Is our society increasingly rewarding conformity? Is AI accelerating this process, and is it simultaneously stripping work of deep meaning? After all, thanks to LLMs, many now define creativity as merely a probabilistic recombination of matrices derived from a training set.
Is science also contributing to this potential lack of deviation in culture, education, arts, architecture, and business? Here’s a take on it (not mine):
You can spot this scientific bland-ification right away when you read older scientific writing. As Roger’s Bacon points out, scientific papers used to have style. Now they all sound the same, and they’re all boring.

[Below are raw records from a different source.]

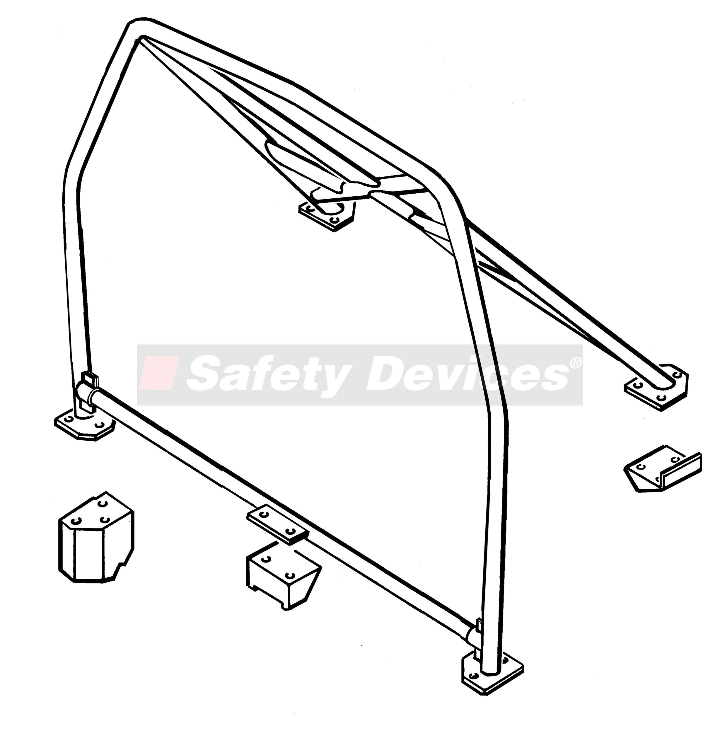6 point bolt-in cage. Clears trim and dashboard. Single or cross door bars. Optional tunnel brace (mounting brackets already on B Hoop) and front strut brace.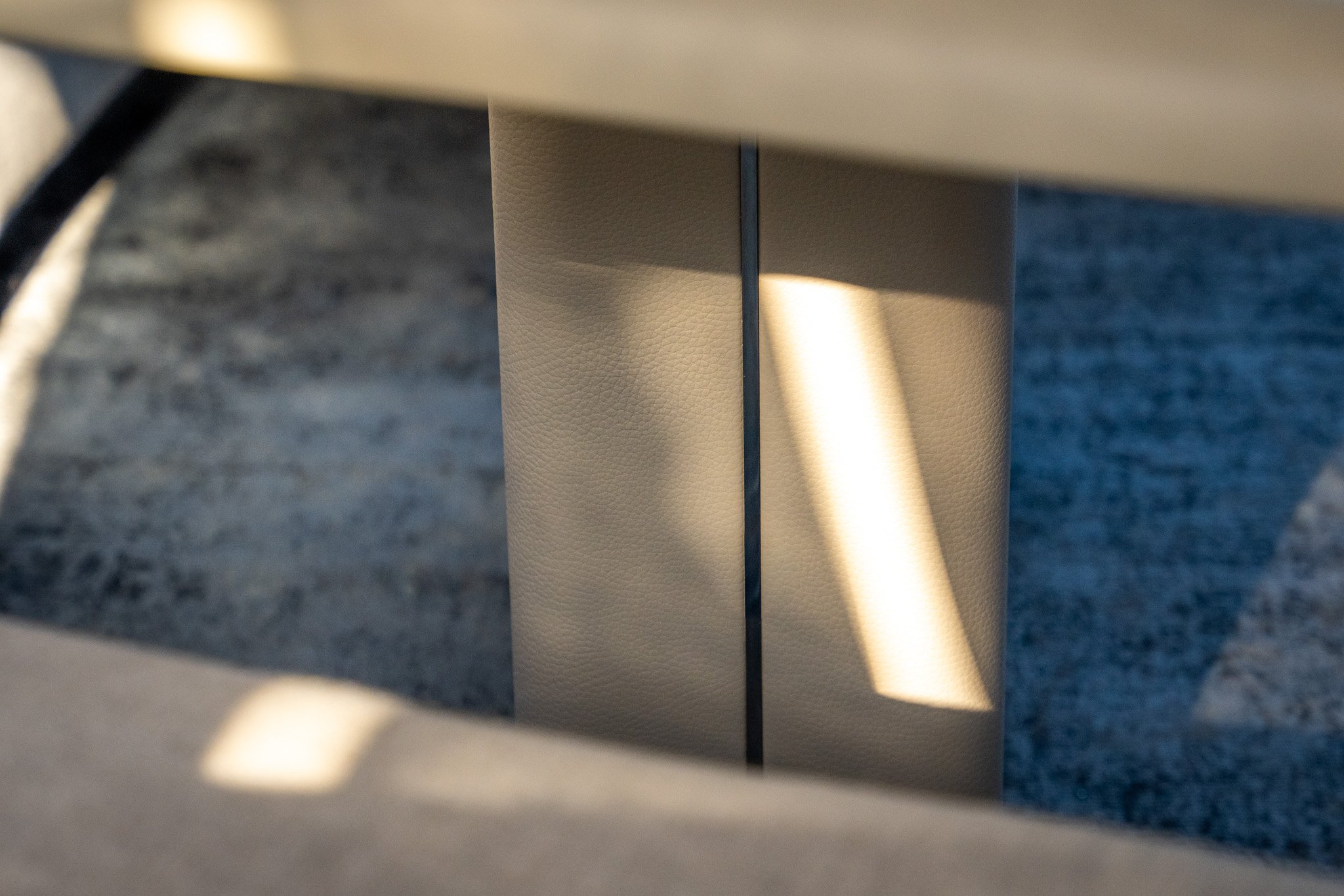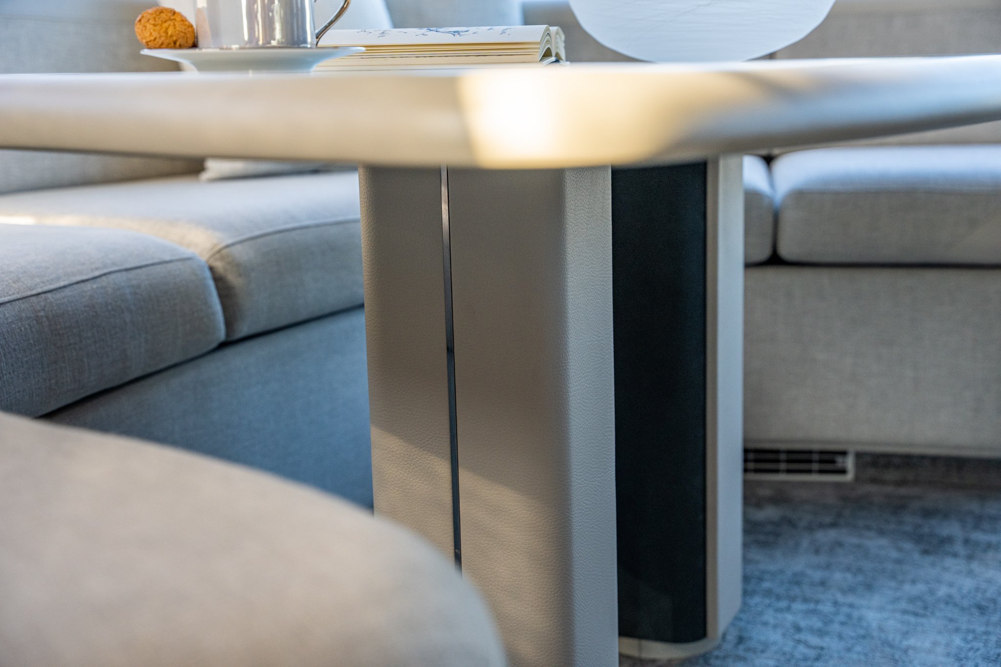 A new contemporary table top takes pride of place in the Dinette, with a solid surface insert for practicality – surrounded by a beautifully painted edge colour matched to the leather, creating a flow with the rest of the scheme.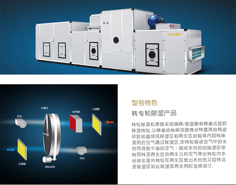 安詩曼是專業(yè)轉(zhuǎn)輪除濕機生產(chǎn)廠家,主要產(chǎn)品有工業(yè)除濕機,高溫烘干機,轉(zhuǎn)輪除濕機,低溫除濕機,吊頂除濕機,商用抽濕機,商用除濕機,工業(yè)抽濕機,工業(yè)干燥機等產(chǎn)品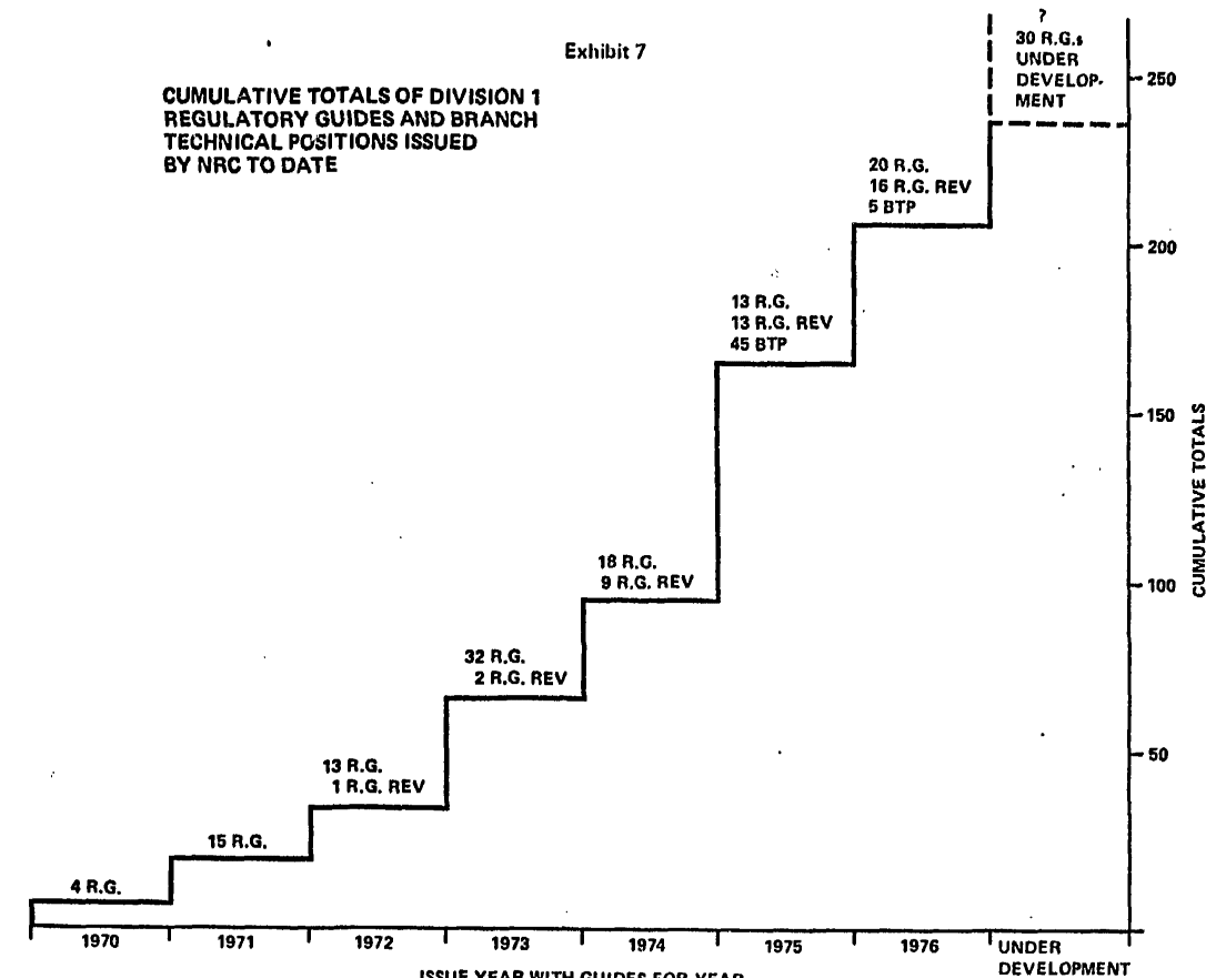 It's worth nitpicking that the "regulatory guides" and "branch technical positions" shown here were not new regulations being created—they were examples the AEC/NRC gave of methods for showing that a plant meets the requirements. But my understanding is that the people building reactors mostly tried to follow them exactly (to reduce the risk of a denied application), so they are a decent proxy for how detailed and rigorous a license application would need to be. Demonstrating that a design followed all those rules and guidelines took up thousands of pages, and increasingly meant debating back and forth with the reviewers as well.

Maybe science is supposed to be boring? What happened to the style though?
For definitive answers to these questions, look elsewhere. For a compelling set of data (plus plenty of causal speculation) on many aspects of contemporary society and scientific style, check out this compilation and the essay here.
The greatest thinkers in science (and business) are often prolific authors. They write books, blogs, and copious emails to sharpen ideas. Richard Lewontin, E.O. Wilson, and Paul Graham are but three examples. Dorothy Hodgkin’s scientific correspondence and papers, stacked together, extend 25.85 meters in length. Great thinkers, in other words, write all the time.
Researchers are evaluated by simple measures of productivity or influence — number of papers published, citation count, and grant dollars. In such an environment, it has become exceedingly difficult for scientists to take stylistic risks in their academic writing or to devote significant amounts of time to other forms of creative writing.